Seqanswers Leaderboard Ad

**GenoMax** · 08-14-2014, 11:17 AM

In general adapters should not be present in your reads unless you have a not so good quality library/have adapter dimers. But I suppose you may have determined that adapters are present in your reads based on FastQC analysis.

http://seqanswers.com/forums/showthread.php?t=42776 describes about the simplest tool you can use to trim adapters. Trimmomatic/cutadapt (or Trim galore its wrapper) are other good options but will require a bit of a learning curve with the command line parameters. There are separate threads for those tools.
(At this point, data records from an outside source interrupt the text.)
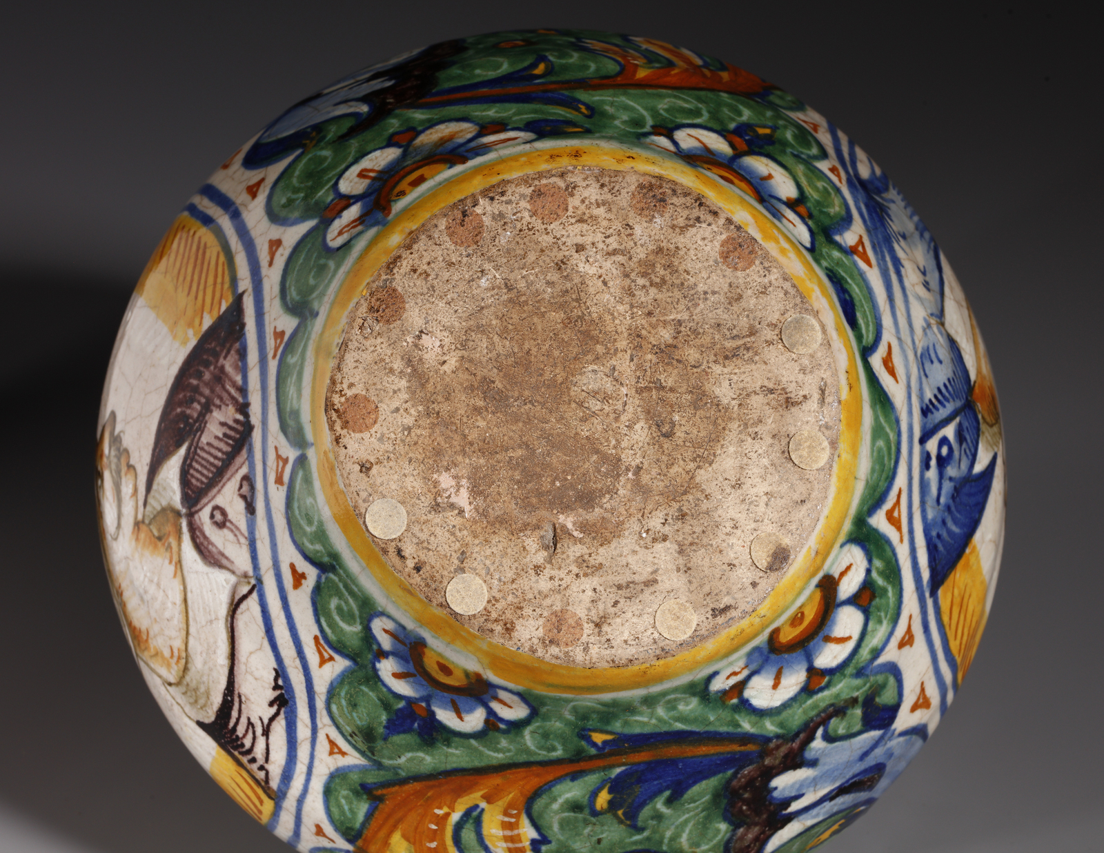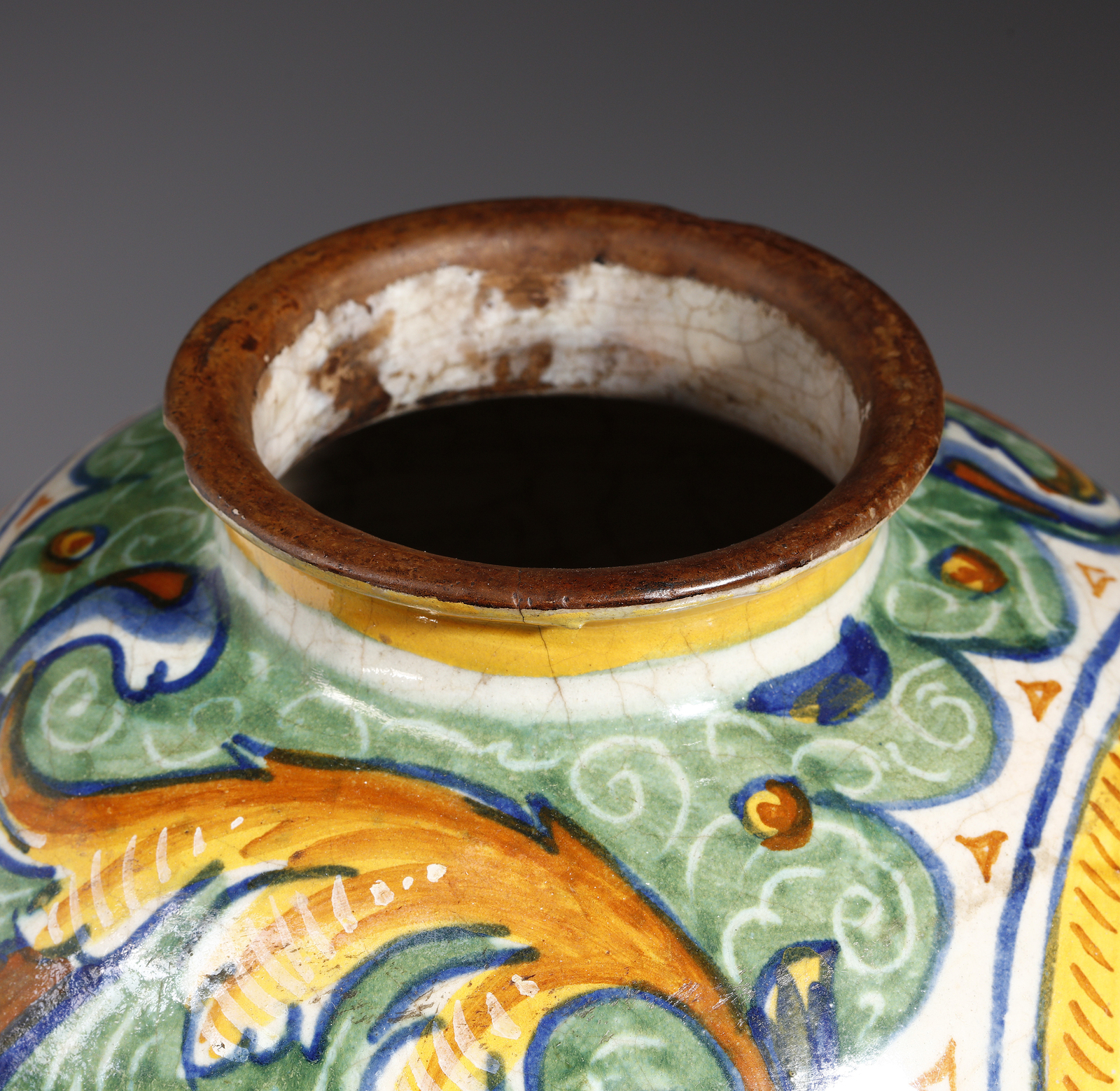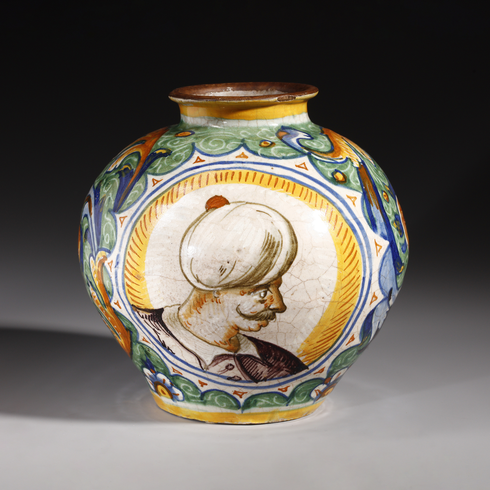 Vaso a boccia in maiolica policroma con figure di turco e uomo con cappello entro [..]
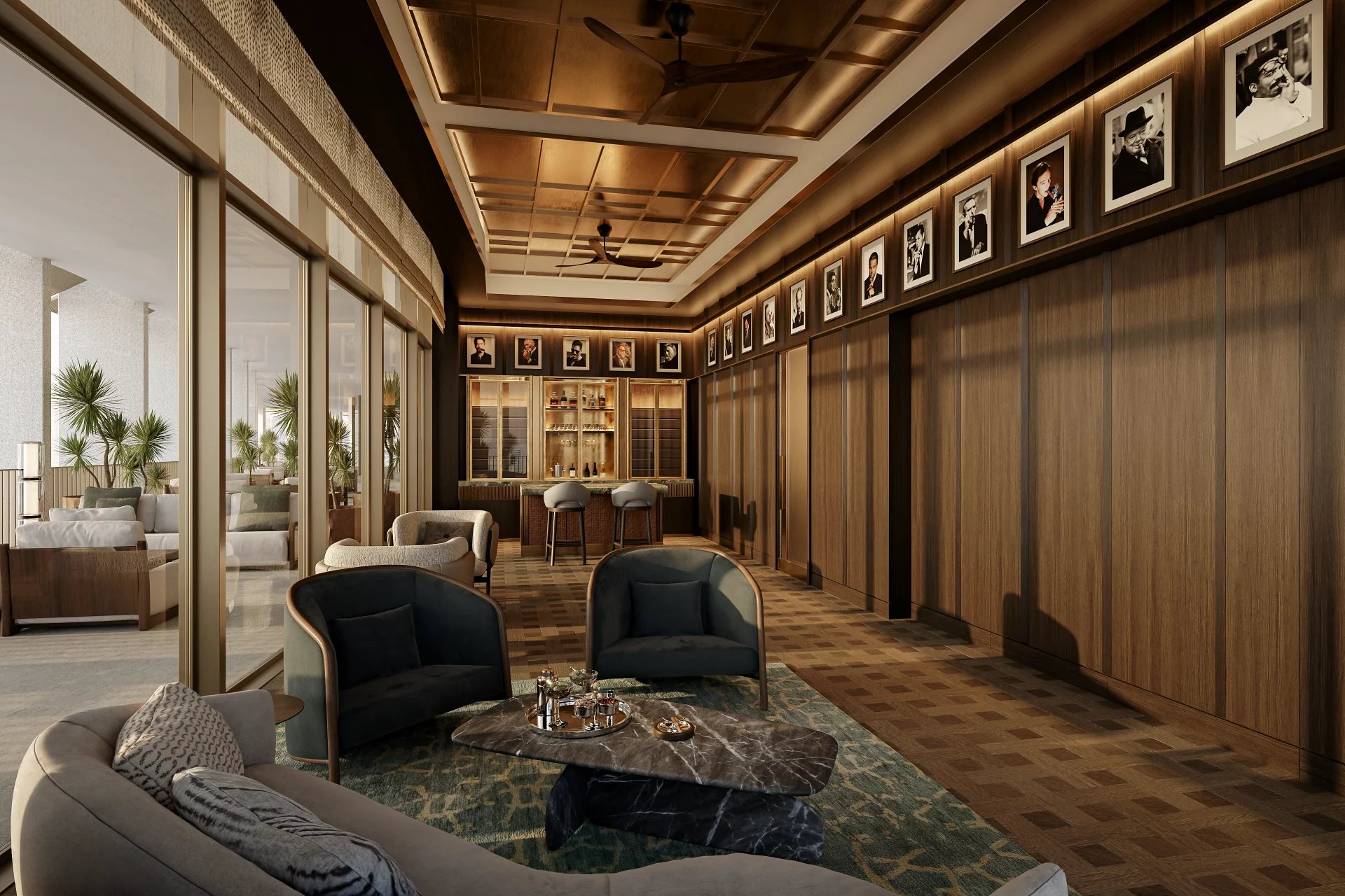 * Dining and living areas with expansive views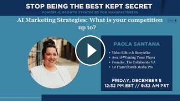 Join us for this Stop Being the Best Kept Secret episode as we explore “AI Marketing Strategies for Manufacturers: What Is Your Competition Up To?” with video marketing expert and creative strategist Paola Santana.
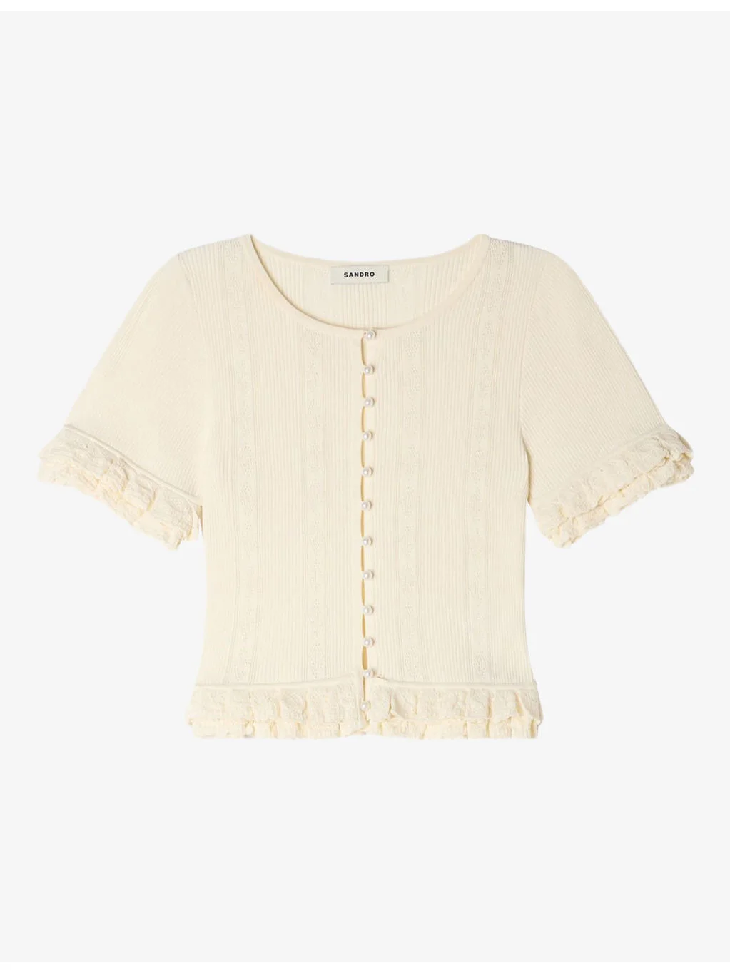 PRODUCT DETAILS - Sandro knitted cardigan - 63% viscose, 22% polyamide, 12% polyester, 3% elastane - Button fastening - Regular fit, round-neck, short sleeves, ruffle trim, faux-pearl buttons, cropped - Hand wash - True to size - Model is 5ft 9in/1.75m and wears a size UK 8 - Lightweight, slight stretch Ref: R04598492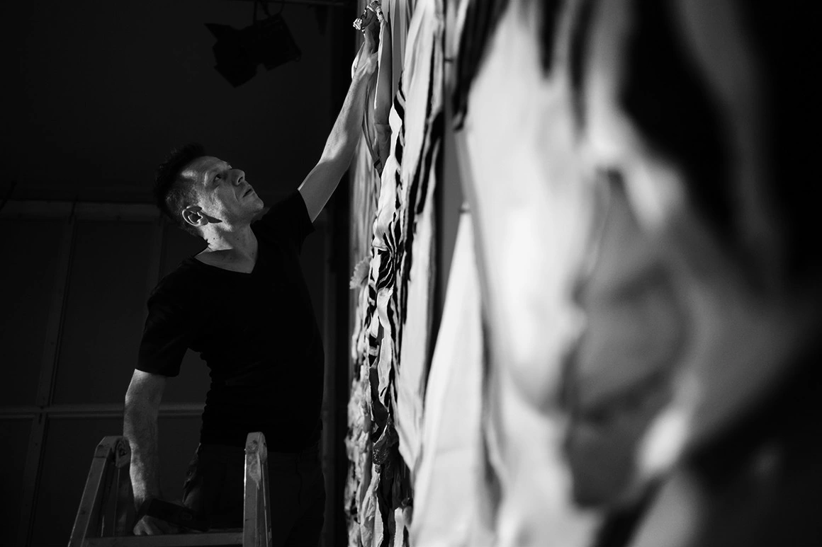 Plecând de la asta, după aceea, vedem pe parcurs cum devine acest tot posibil. Ideea de la care a pornit „Deeparture”, lucrarea cu lupul și căprioara, a venit efectiv out of the blue, am zis: vreau să fac asta. M-a interesat această idee de tensiune și cum voiam să materializez o imagine în mișcare, în film. În fotografie, bineînțeles, poți să pui în cadru animale împăiate și să falsifici acea tensiune, dar le-am zis ce vreau și, îți dai seama, reacția a fost de surprindere. De unde facem rost de așa ceva? Ok, găsim o soluție, dar cum să stea împreună? Și așa mai departe.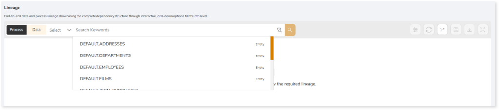- Select either the Process (Process Lineage) or Data (Data Lineage) tab.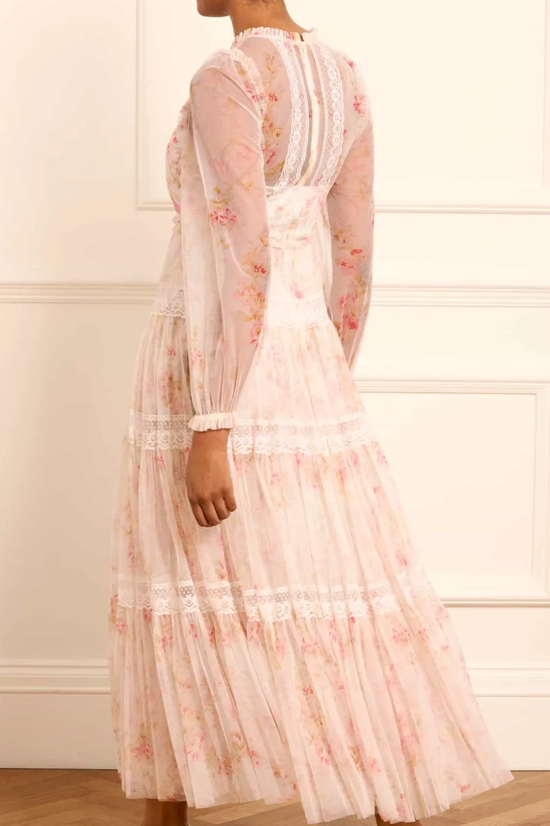 The Enchanted Garden Lace Ankle Gown in Moonshine. Beautifully designed with a signature Needle & Thread style print taken from archive hand-painted wallpaper depicting romantic garden florals and historical motifs. Inspired by Victorian styling, featuring lace trims that are perfectly positioned along gently gathered skirt tiers, adorning this printed tulle gown. Crafted with sheer printed blouson sleeves with ruffle cuffs and softly gathered tulle frills decorate the neckline, armhole, and waistband. The skirt is made up of layers of signature Needle & Thread soft tulle for romantic styling. A contemporary style you’ll forever treasure.

**ronton** · 08-15-2014, 11:21 AM

I guess I should try to rephrase my question. Filtering out and/or trimming as much as possible that is not sample DNA would be a logical first step with the files from the sequencer, wouldn't it?

Would e.g. Trim galore or BBDuk be a good way to accomplish this?

You said that in general adapters should not be present. What would you recommend, a size selection step to get rid of the short fragments? The actual fragment size going into the sequencer has a peak right around 350bp and doesn't appear to be 'too broad,' using 100bp paired end Illumina rapid runs.

I posted examples of the FastQC Adapter and Kmer graphs in a FastQC thread. Your advice is appreciated.

**Brian Bushnell** · 08-15-2014, 11:47 AM

BBDuk can run in trimming mode or filtering mode. Adapters should be trimmed, while other artifacts such as spike-ins should be filtered.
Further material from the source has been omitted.